Winning is not about achieving one-time gains. It is too demanding and difficult for this. It also does not involve digging in and defending a position against all odds. A stagnant and defensive stance where your sole aim is to protect the spot you occupy also has its limits. After you have identified, occupied, and fortified a position, you must take full advantage of it. You have to really focus on it. Of course, that takes discipline, but it is about more than discipline. You have to reap all the benefits that the spot you occupy has to offer. Focus is the ability to extend the scope and breadth of a sweet spot and reap all the benefits it has to offer. Winning companies are uniquely focused in comparison to losers. Losers never seem to find something upon which to center their attention.
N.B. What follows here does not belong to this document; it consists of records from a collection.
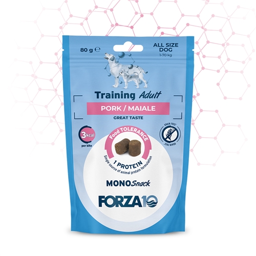 FORZA10 Training Adult Maiale è indicato per proprietari di cani adulti che desiderano un premio nutrizionalmente bilanciato, con un basso apporto calorico e una singola fonte proteica di qualità. È particolarmente adatto a soggetti con sensibilità alimentari grazie alla formula Grain Free e all’assenza di cereali aggiunti.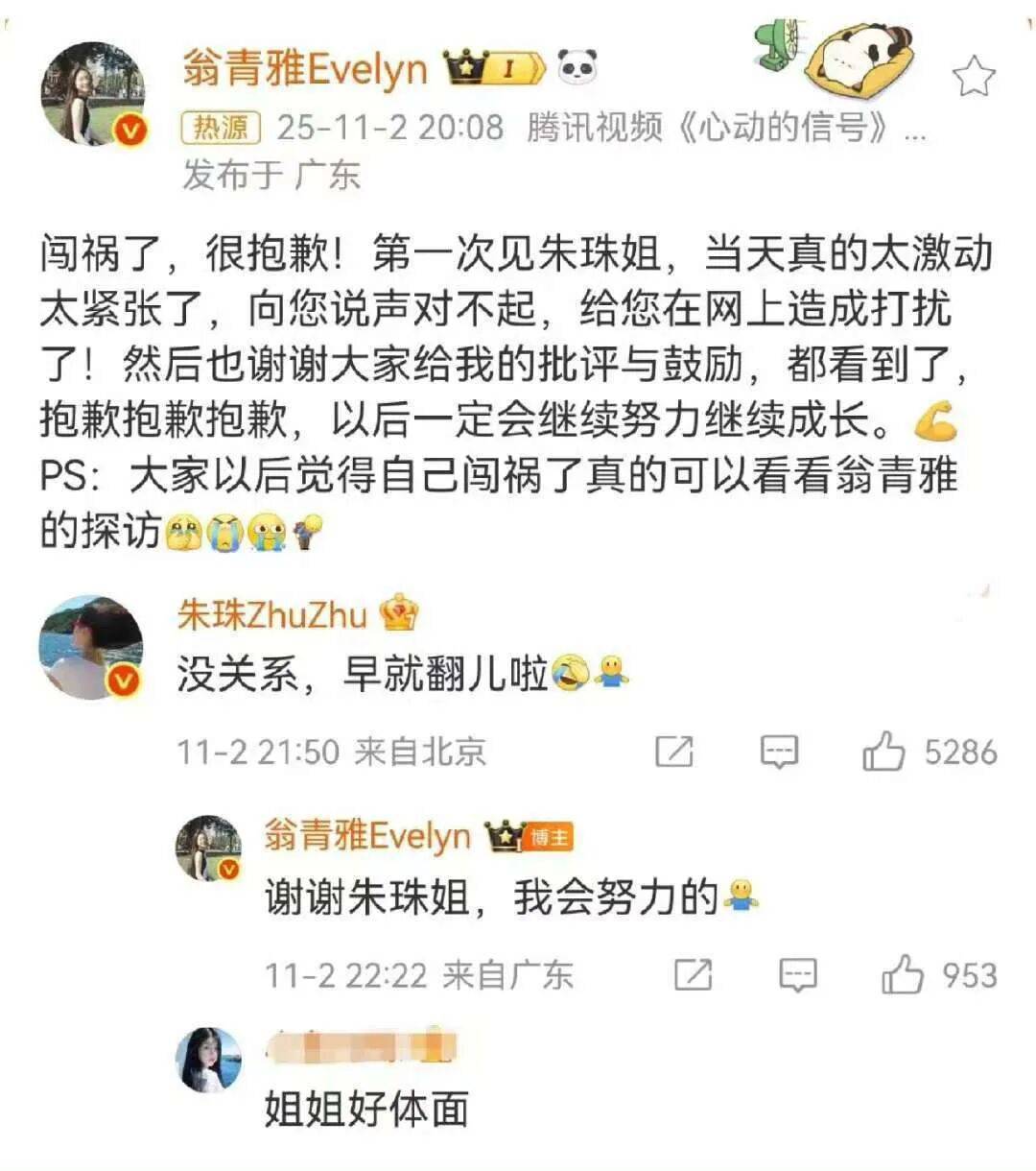 面对史诗级尴尬的场面,不仅全程保持风度,事后还体面地回应了翁青雅将失误全部归咎于情绪的道歉博,表示“没关系,早就翻儿啦”。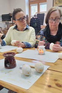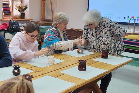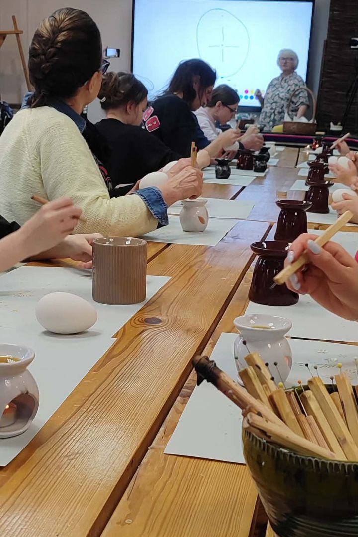 Podczas warsztatów uczestnicy poznali historię oraz znaczenie pisanek – jednego z najbardziej rozpoznawalnych symboli Wielkanocy. Prowadząca zajęcia twórczyni ludowa Maria Ostrowska opowiedziała o technice batikowej, która od pokoleń była najczęściej stosowana w regionie radomskim. Uczestnicy mogli zobaczyć, jak przy pomocy rozgrzanego wosku nanosi się wzory na skorupce jajka, a następnie jak barwi się je naturalnymi barwnikami, aby po usunięciu wosku odsłonić charakterystyczny jasny wzór na kolorowym tle.

This book shows you that the way to be a big winner is to identify a sweet spot with value to customers that no one else exactly provides, to move into it (be agile), to protect it (be disciplined), and to extend it (be focused).
A firm must possess all these qualities. (See Figure 1.3.) It must be agile—not entirely bound by the past, but free to reinvent itself for an uncertain future by moving into new territory. It must have the discipline to cultivate the strengths and competencies it needs to protect the space it occupies. Also, it must have the focus to define and expand that space. To achieve sustained competitive advantage, you must be more than agile. You have to have momentum to keep moving, and you must defend where you are at. You also must be expansive and be able to deepen and expand the space you inhabit.
Figure 1.3 Big winners hit the mark.
To be a big winner, you must understand what you stand for; otherwise, you’ll fall for everything. Say yes to some possibilities and no to others. Winning firms do not deviate from what they do best. They choose an area where they have comparative advantage and stick to it. They take full advantage of it. They have the agility to find a sweet spot, the discipline to protect it, and the focus to exploit it. Losing firms have the opposite characteristics—rigidity that leaves them in a contested or "sour spot," ineptness, and diffuseness.
These traits are complicated to develop in a single company. They contradict one another. They must be woven into patterns that are hard to copy and especially valuable because they are complex and distinctive. The characteristic patterns of the winners and losers are explored in subsequent chapters. Appendix D, "Patterns of Winning and Losing Companies," is a summary of these distinctive patterns. This book will help you understand how your company measures up. What are its strengths and weaknesses? Is it in a sweet spot? Does it have agility, discipline, and focus? If it is in a sour spot and is rigid, inept, or diffuse, what can it do to improve?